One of the soldiers moved to run after Liam, but Ren collided with him, with enough force to bring them both to the ground. Ren had never fought, not even with the other boys in the village. He occasionally wrestled with Liam for fun, but never had he needed to defend himself.
Fueled by adrenaline and fear, he kicked and hit as they rolled on the leaf-strewn meadow. He clawed and scratched to keep the prod away f
rom his body. The weapon sputtered out, leaving the soldier to rely on his superior training to keep Ren on the ground.
The first punch to his jaw snapped Ren’s head back and the second stunned him. His limbs went limp.
The soldier stood, breathing harshly.
“How the hell did you do that?” the soldier demanded.
Ren rolled his head to the side. His chest heaved. His vision swam. His jaw hurt; the corner of his lip bled.
“I didn’t.”
The soldier grabbed the last working prod from his companion. He tested it. Electricity sizzled, crackling in the air. The smell of ozone wafted into Ren’s nose.
Ren scurried backward, pulse racing, fear ratcheting higher with every step the soldier took toward him.

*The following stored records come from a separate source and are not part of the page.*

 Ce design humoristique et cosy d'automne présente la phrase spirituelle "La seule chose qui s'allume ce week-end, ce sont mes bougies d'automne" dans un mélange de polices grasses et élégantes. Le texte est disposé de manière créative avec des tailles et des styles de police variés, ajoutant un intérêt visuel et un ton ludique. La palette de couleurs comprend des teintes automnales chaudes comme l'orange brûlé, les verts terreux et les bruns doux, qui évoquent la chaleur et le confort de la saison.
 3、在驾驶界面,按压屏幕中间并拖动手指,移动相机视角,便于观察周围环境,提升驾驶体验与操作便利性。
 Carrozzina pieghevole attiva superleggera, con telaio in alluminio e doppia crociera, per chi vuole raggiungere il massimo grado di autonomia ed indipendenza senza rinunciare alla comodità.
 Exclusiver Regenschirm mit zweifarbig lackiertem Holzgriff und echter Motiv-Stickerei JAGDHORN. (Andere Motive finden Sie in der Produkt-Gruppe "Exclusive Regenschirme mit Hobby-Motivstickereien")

He didn’t get far. His palms slipped on a patch of slick moss. He squeezed his eyes shut when the soldier stabbed the sparking weapon into his torso. He waited for the pain, braced himself against it, muscles tensing, but all he felt was the blunt end of the prod grinding against his ribs.

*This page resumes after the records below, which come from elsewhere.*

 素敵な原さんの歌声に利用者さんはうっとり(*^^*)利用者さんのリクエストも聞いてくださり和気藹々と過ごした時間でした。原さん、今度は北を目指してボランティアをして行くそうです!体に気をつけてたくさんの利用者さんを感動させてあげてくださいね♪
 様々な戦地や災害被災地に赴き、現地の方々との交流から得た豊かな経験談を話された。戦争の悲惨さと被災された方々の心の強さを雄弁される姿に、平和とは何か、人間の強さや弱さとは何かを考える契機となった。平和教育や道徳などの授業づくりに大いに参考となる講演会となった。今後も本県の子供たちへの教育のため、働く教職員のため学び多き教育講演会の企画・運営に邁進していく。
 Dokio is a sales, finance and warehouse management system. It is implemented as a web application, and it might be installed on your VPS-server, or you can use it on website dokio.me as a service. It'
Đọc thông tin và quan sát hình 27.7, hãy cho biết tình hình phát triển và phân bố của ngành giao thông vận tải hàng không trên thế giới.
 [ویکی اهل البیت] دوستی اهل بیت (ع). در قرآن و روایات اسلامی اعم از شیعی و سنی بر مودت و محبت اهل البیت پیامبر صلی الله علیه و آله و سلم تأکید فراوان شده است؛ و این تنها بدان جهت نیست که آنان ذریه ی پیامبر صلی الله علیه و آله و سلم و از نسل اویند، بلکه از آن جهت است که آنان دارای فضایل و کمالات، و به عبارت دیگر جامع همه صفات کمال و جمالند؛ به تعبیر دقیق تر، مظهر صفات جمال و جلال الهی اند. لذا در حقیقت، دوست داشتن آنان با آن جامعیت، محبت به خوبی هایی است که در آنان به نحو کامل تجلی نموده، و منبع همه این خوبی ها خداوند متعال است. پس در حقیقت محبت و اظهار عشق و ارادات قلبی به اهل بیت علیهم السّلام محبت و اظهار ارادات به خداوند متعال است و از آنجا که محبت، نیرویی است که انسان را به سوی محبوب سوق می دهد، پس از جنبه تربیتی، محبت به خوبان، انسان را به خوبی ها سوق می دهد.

He opened one eye and found the three soldiers staring down at him with astonished expressions. The prod rested useless in the soldier’s slack fingers.
“What the stars?”
“Who are you? What are you?”
Ren was as confused as they were. “I’m nothing,” he said.
“Yeah. I don’t believe that for half a second.”
The soldier looked at the weapon and the other two crowded closer, checking the charge, arguing over what buttons to push.
Ren saw his last chance at escape. He rolled to his stomach and coiled his legs beneath his body, but that was as much as he managed. The prods were still effective clubs, and the pain of the blow erupted at the base of Ren’s skull.
He flopped forward, face smooshed in the grass. His vision wavered, the edges blackening with every breath.
He felt a toe nudge his hip. “Three prods dead on one kid. We’re going to catch hell when we get back to the citadel.”
Ren made one last effort to crawl away, but a heavy boot settled on the small of his back. Ren knew he should be afraid, but his thoughts were scattered, slipping through his mind like sand through a sieve. The soldiers pulled his arms behind him and snapped on a pair of shackles. The tech automatically adjusted to the size of Ren’s wrists, binding them tight. With one last fleeting thought of Liam, Ren passed out.